# Intro to spaCy

Generally, attributes that end with an underscore return strings. Attributes that do not return an ID.

In [1]:
from spacy.lang.en import English

In [2]:
# Create the nlp object
nlp = English()

In [10]:
# Hello world example
doc = nlp("Hello world!")

# Iterate over tokens in a Doc
for token in doc:
    print(token.text)

Hello
world
!


## Token Splicing & Subsetting

**Tokens**

In [11]:
# Token Splicing/Subsets

# Index into the Doc to get a single Token
token = doc[1]

# Get the token text via the .text attribute
print(token.text)

world


**Spans**

The example below selects the token from position 1 up to, but not including, position 4.

In [12]:
# A slice from the Doc is a Span object
# format is doc[start:end]
span = doc[1:4]

# Get the span text via the .text attribute
print(span.text)

world!


## Token modules

- `i` gives the index
- `text` gives the *token* text
- `is_alpha` - boolean; if alphabetic
- `is_punct` - boolean; if punctuation
- `like_num` - boolean; if number. Works for "ten" or "10."

In [6]:
doc = nlp("It costs $5.")

print('Index:   ', [token.i for token in doc])
print('Text:    ', [token.text for token in doc])

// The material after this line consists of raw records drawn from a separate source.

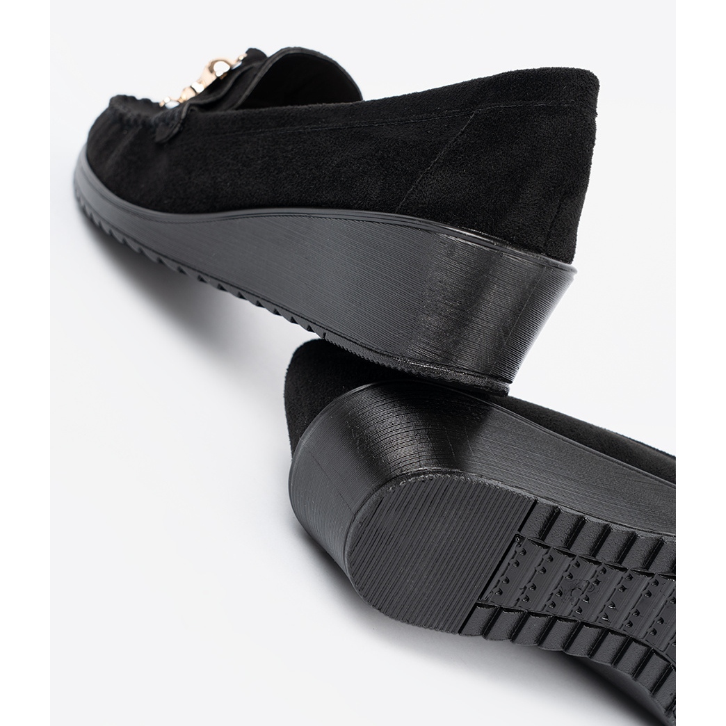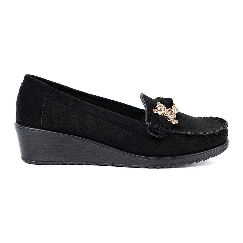 Tillverkad av högkvalitativ imitationssmocka, skor kännetecknas av en mjuk och trevlig till beröringsytan, och en inbyggd och stiven häl ger maximalt stöd för foten. Tack vare en 4 cm hög kil kommer du att känna dig både snygg och bekväm under dagen.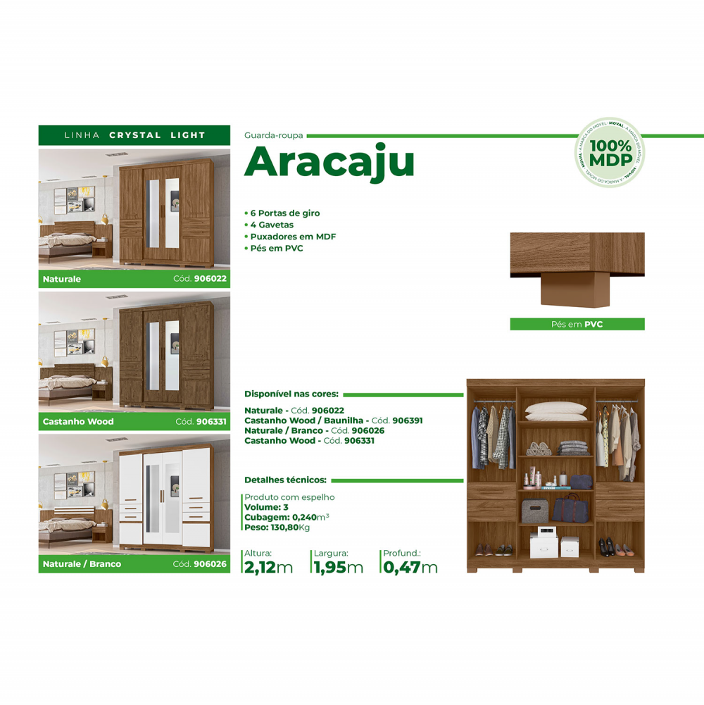 PREÇO + BARATO DO BRASIL | Roupeiro Aracajú 6 Portas E 4 Gavetas | L 1,95 | Moval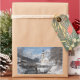 Rectangular photo sticker with a church under a layer of snow next to a mountain stream and a bridge with Alps mountains in the background in a winter landscape in Ramsau bei Berchtesgaden in the Berchtesgadener Land in Bavaria, southern Germany, near the border with Austria.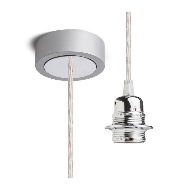 Zestaw wiszący z lakierowaną aluminiową podstawą metalowym gniazdkiem E27 i tekstylnym kablem. Nadaje się do użytku indywidualnego lub do zawieszenia lekkich abażurów. Polecane abażury: ARISTA DELI JAKARANDA DOUBLE 40/30 DOUBLE 55/30 ASPRO 40/30 RON 40/25 RON 55/30 RON 60/19 TEMPO 30/19 TEMPO 50/19.

print('is_alpha:', [token.is_alpha for token in doc])
print('is_punct:', [token.is_punct for token in doc])
print('like_num:', [token.like_num for token in doc])

Index:    [0, 1, 2, 3, 4]
Text:     ['It', 'costs', '$', '5', '.']
is_alpha: [True, True, False, False, False]
is_punct: [False, False, False, False, True]
like_num: [False, False, False, True, False]


## Example - Find all % in the doc

In [7]:
from spacy.lang.en import English

nlp = English()

# Process the text
doc = nlp(
    "In 1990, more than 60% of people in East Asia were in extreme poverty. "
    "Now less than 4% are."
)

In [8]:
# Iterate over the tokens in the doc
for token in doc:
    # Check if the token resembles a number
    if token.like_num:
        # Get the next token in the document
        next_token = doc[token.i + 1]
        # Check if the next token's text equals '%'
        if next_token.text == "%":
            print("Percentage found:", token.text)

Percentage found: 60
Percentage found: 4


# More Examples

**Print the 'doc'**

In [16]:
# Import the English language class
from spacy.lang.en import English

# Create the nlp object
nlp = English()

# Process a text
doc = nlp("This is a sentence.")

# Print the document text
print(doc.text)

This is a sentence.


**More span/slicing examples**

In [17]:
# Process the text
doc = nlp("I like tree kangaroos and narwhals.")

# A slice of the Doc for "tree kangaroos"
tree_kangaroos = doc[2:4]
print(tree_kangaroos.text)

# A slice of the Doc for "tree kangaroos and narwhals" (without the ".")
tree_kangaroos_and_narwhals = doc[2:6]
print(tree_kangaroos_and_narwhals.text)

tree kangaroos
tree kangaroos and narwhals